Another thing that the poster in question mentioned, of whose name I wish I could remember so that I could credit them for the points being discussed in these few paragraphs, is the idea the it is not actually the thought that counts where gift giving is concerned & I honestly couldn’t agree more. You see, I am someone who gives gifts not just to give them, but because I feel on some level, they represent how invested we are in the lives of those with whom we dote upon. Your gifts, in my mind, should come from a place of understanding who the recipient is, what they like, how they feel about certain things, what their interests are, etc. & should also have love & understanding behind them. A hollow gift is simply that, a hollow gesture with no meaning & no feeling behind it & if I’m the recipient in question, often times, I’d rather you just not get me anything at all.

To some of you that may sound ungrateful, it may sound privileged or cold, but I never said that the gift in question had to be something expensive or that required buckets of time, I simply think that if you give someone a gift it should be from a place of love & understanding that shows “I value you as a human being & a companion & this item or act made me think of you.” In my experience, hollow gifts end up either being returned, thrown away, given away, or hidden away because as Marie Condo would say “they don’t spark joy.”

Now does every gift have to be the most thoughtful, considerate thing on the planet? No, but going the little extra mile to show someone you listen to them & place stock in your relationship by valuing the things that make them unique, does go a long way farther, in most cases, to just buying them the thing they asked for or the thing they need.

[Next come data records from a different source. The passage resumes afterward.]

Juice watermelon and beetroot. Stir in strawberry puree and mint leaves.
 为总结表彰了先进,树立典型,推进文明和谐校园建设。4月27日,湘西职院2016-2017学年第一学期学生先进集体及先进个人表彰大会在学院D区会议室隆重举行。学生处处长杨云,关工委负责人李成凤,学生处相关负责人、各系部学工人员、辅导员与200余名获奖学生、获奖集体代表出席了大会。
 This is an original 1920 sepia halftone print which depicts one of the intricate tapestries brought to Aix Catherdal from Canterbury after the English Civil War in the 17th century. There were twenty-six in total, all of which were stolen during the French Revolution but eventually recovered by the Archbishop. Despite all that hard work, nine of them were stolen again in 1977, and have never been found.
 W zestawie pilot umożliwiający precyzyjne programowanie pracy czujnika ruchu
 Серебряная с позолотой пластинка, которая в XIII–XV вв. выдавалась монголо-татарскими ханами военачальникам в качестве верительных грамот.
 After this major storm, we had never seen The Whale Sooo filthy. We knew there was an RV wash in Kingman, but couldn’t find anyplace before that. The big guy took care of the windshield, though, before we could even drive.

Not everyone is the greatest of gift givers, I understand that, & if you yourself struggle with these things that’s why lists are made. If your idea is to gift something cheap (we’re not talking financially cheap), something you think would be a huge risk on whether or not they’d like it, or something non-specific that falls most often into the ‘interests’ category of the person (think just random merchandise from a franchise or random items that are branded to be representative of a part of a person’s individual expression) then I say stick to the list. It’s there for a reason & while you probably won’t end up being the top of the list for things received, they will at least still love & appreciate the gift in question.

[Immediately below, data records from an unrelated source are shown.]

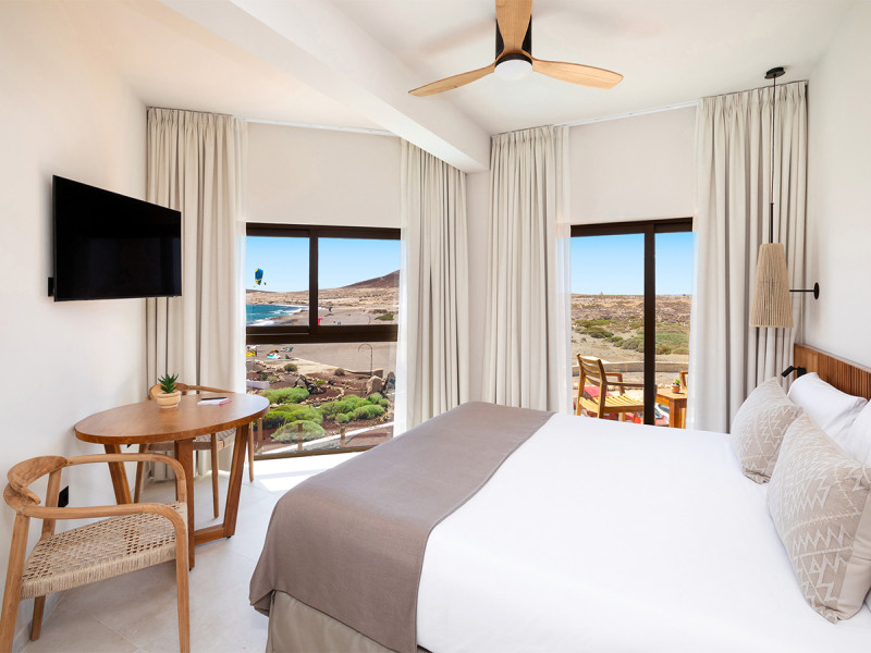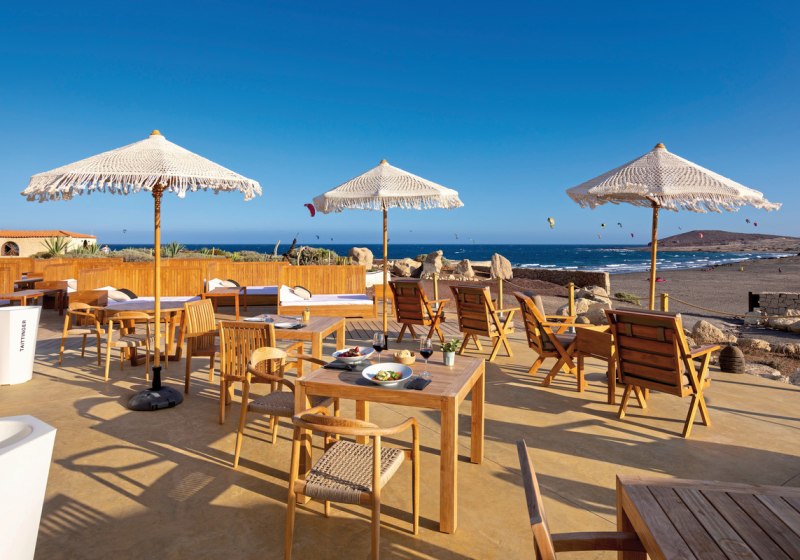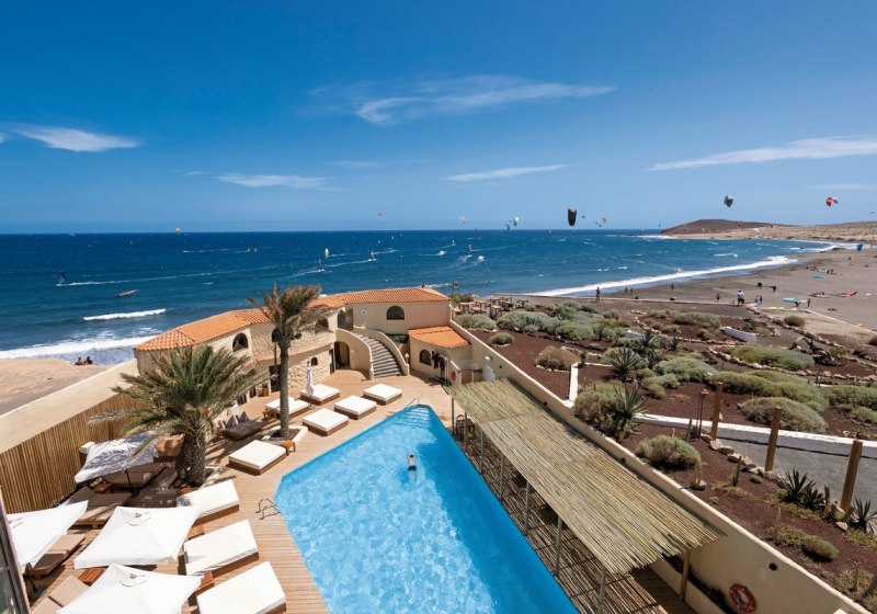 Im Playa Surf CBbC Hotel wohnt Ihr direkt am Naturbadestrand von El Médano, mit Blick auf die Monta f1a Roja. Das Haus richtet sich sp fcrbar an Surf- und Radsportfans: Board- und Bikestorage stehen bereit, der Tagesrhythmus folgt Wind und Wellen. Die Architektur bleibt angenehm kompakt, mit klaren Wegen von der Lobby zur Sonnenterrasse und zum Meerwasserpool.
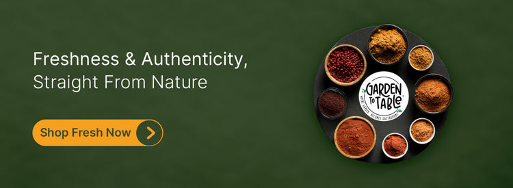 At Garden to Table, we bring you the authentic flavours you grew up with – warm, comforting, and made with care. From the earthy aroma of turmeric to the rich blend of sambar powder, every jar carries the taste of tradition and the love of homemade cooking. It’s more than just spice – it’s the flavour of home, shared with you.”
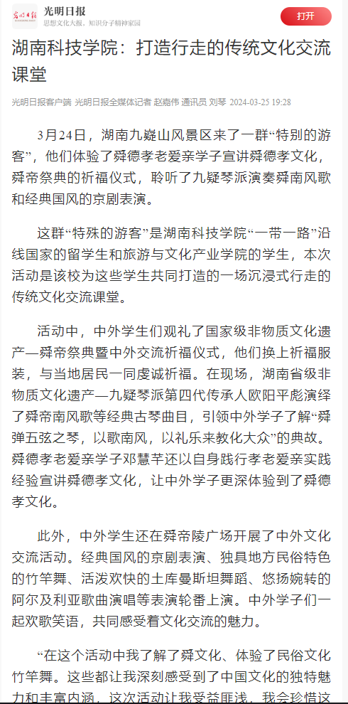 活动中,中外学生们观礼了国家级非物质文化遗产—舜帝祭典暨中外交流祈福仪式,他们换上祈福服装,与当地居民一同虔诚祈福。在现场,湖南省级非物质文化遗产—九疑琴派第四代传承人欧阳平彪演绎了舜帝南风歌等经典古琴曲目,引领中外学子了解“舜弹五弦之琴,以歌南风,以礼乐来教化大众”的典故。舜德孝老爱亲学子邓慧芊还以自身践行孝老爱亲实践经验宣讲舜德孝文化,让中外学子更深体验到了舜德孝文化。

Naturally all of this is entirely subjective & you may disagree with me on all fronts, but a someone who frequently gets called one of the greatest gift givers out there *toss toss, I feel I have a handle on the art involved here that will help you all to step things up for your loved ones this holiday season. Nothing needs to be bought, if you feel you can make something heartwarming from the things you have at home that still expresses an understanding towards an individual, by all means, go for it! Think “oh, I know you love bananas foster so I made you bananas foster cookies” or “I know you’ve been looking for some art pieces to have around the house that are expressive of your interests AND of who you are as a person AND your personal sense of style, so I made you this.” Homemade gifts are often the best kind.

I hope this sheds a little light for those of you out there wracking your brains for gifts this year, just think of the person & the things that make them unique, especially if they’re the things that you love about them, & riff off of that! You’ve got this, I believe in you!